One of the many pathologies of political culture in a country with only two relevant political parties is there’s no such thing as novelty. When the Occupy Wall Street protesters described themselves as agitators against the misdeeds of the 1 percent of American households that own 35 percent of the country’s wealth, conservative blogger Erick Erickson didn’t just wrack his brain for a way to attack OWS — the logic of American political debate demanded that he do so with their own language. And, voila, now anyone who objects to OWS’s self-appointment as the guardians of “99% of Americans” can now identify themselves with an even more exclusive club: “the 53% of Americans who pay income taxes.” You, too, can join The 53% by posting a webcam image of yourself and your manifesto at

One thing that The 53% have in common is a palpable, visceral disgust for the Occupy protests. They don’t just disapprove of Occupy Wall Street; they cannot stand them. An open-minded 53 percenter thinks, in so many words, that the protesters ought get out of the streets and start looking for a job; a more typical 53 percenter believes that the protesters are ungrateful, spoiled brats who leech off the rest of society and spend their deodorant money on drugs.
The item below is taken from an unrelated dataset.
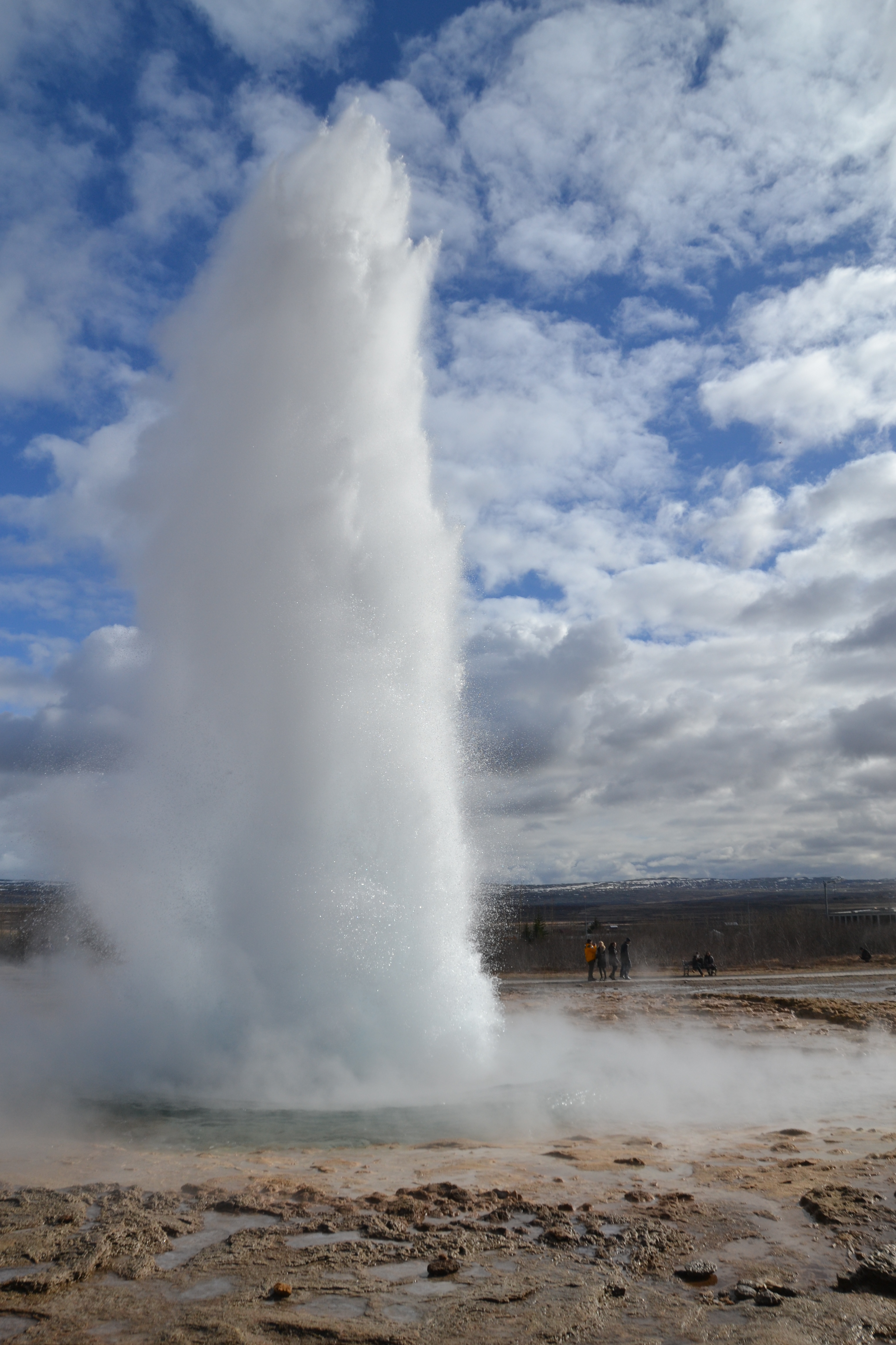 Anschließend ging es in das Gebiet Haukadalur, welches für seine geothermische Aktivität bekannt ist. Im Örtchen Geysir gibt es, bei dem Namen kaum verwunderlich, verschiedene Heißwasserfontänen zu bestaunen. Neben dem großen Geysir, welcher Namensgeber für alle Geysire weltweit ist, und einigen heißen Quellen zieht insbesondere der etwas kleinere Geysir Strokkur die Aufmerksamkeit auf sich. Etwa alle 10 min kann man dieses Schauspiel betrachten. Auch die nähere Umgebung ermöglichte schöne Fotomotive.
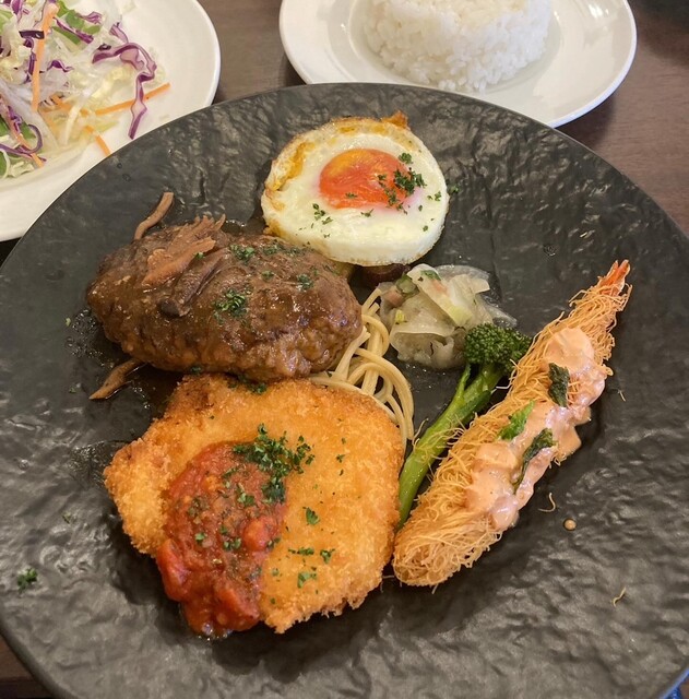 今回はランチの中から『ハンバーグ&チキンカツ&エビのフリット』を選びました。

Another thing The 53% have in common is a very peculiar notion of what “taking money from the government” actually means. Some of them claim to be “scraping by on minimum wage,” which is odd because that would put them back among The Hated 47% that don’t owe any income taxes. Some of them have been on welfare in its purest sense: Food stamps to keep dinner on the table or supplemental Social Security assistance when they were unable to work because of illness or injury. Many more describe themselves as alumni of public universities. Many of them have been in labor unions. And almost all of them, I’m sure, have taken money from “the government.” The only catch is that they took their handouts from those programs that The 53% happens to think are OK: Tax deductions for interest paid against your mortgage and tax credits for supporting children.

But the most striking thing that The 53% share is hardship. Some have lost their jobs and claim to have been evicted from their houses. One is a single mother whose child has been diagnosed with Asperger’s syndrome but can’t afford the needed therapy. One young woman’s father is working 12-hour days doing manual labor despite battling cancer. The list — and the suffering — goes on and on, even if the saddest stories are sometimes hard to pick out in between all the misplaced, self-righteous piety.

Speaking of which, yes, even if you’re a police officer or a firefighter or a soldier, you’re still a “public employee.”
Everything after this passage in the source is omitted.